Your do-loop, and @Penguino's recursive function, both fail if there are less than n items in the input list. Here is a simple version based on named-let, renamed take which is the normal name for this function:

(define (take n xs)
  (let loop ((n n) (xs xs) (zs (list)))
    (if (or (zero? n) (null? xs))
        (reverse zs)
        (loop (- n 1) (cdr xs)
              (cons (car xs) zs)))))

Or, if you prefer the recursive function version:

(define (take n xs)
  (if (or (zero? n) (null? xs))
      (list)
      (cons (car xs) (take (- n 1) (cdr xs)))))

The named-let version is preferable to the recursive version, because the recursion isn't in tail position, so it builds a large intermediate stack.
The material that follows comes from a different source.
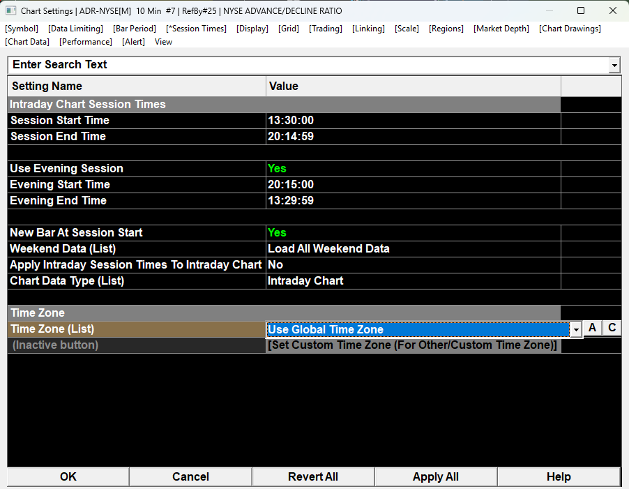 Hey so every time I open new intraday chart it has the same standard settings: global time zone, ugly OHLC bars, intraday chart session times that are weird, etc. How do i set my own settings so that every time I open a new intraday chart, it has my specified custom graphic settings, session time settings, time zone settings, etc? |

You said that you wanted a version using do . That's harder, because the test that terminates the loop is performed after the action of the loop, and you need to perform the test before the action. You can either test one-ahead, which is awkward, or use this loop that delays the action until after the test has succeeded:

(define (take n xs)
  (let ((zs (list)))
    (do ((n n (- n 1)) (xs xs (cdr xs)))
        ((or (zero? n) (null? xs)) (reverse zs))
      (set! zs (cons (car xs) zs)))))

The set! isn't particularly Schemely, but at least it shares with the named-let version the property that it doesn't build an intermediate stack.

Answer 2

How about

(define (front-n n list)
  (cond ((= 0 n) '())
        (else (cons (car list) (front-n (- n 1) (cdr list))))))
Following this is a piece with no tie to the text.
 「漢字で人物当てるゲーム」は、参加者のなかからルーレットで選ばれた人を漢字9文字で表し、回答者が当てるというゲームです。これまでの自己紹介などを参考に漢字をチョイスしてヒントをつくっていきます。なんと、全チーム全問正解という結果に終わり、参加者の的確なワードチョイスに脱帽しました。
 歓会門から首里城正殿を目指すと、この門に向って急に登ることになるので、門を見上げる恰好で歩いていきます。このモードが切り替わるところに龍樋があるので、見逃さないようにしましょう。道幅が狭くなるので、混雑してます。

with a little pseudo-error-trapping added. Testing with:

(front-n 4 '(5 8 2 9 4 0 8 7))
(front-n 8 '(5 8 2 9 4 0 8 7))

produces the expected output:

'(5 8 2 9)
'(5 8 2 9 4 0 8 7)
>

Note that the error checking may be useful.

Answer 3

Here is a tail recursive version:

(define (take n a-list)
  (define (iter counter result sublist)
    (cond
      [(empty? sublist) result]
      [(< counter n)
       (iter
         (+ counter 1)
         (append result (list (car sublist)))
         (cdr sublist))]
      [else result]))
  (cond
    [(= n 0) '()]
    [else (iter 0 '() a-list)]))

It differs slightly from the library procedure, because the library procedure throws an error, if you give a take count which is larger than the length of the list, while this function returns the whole list in that case.

Note however, that it makes use of append. I could not figure out a way around that yet.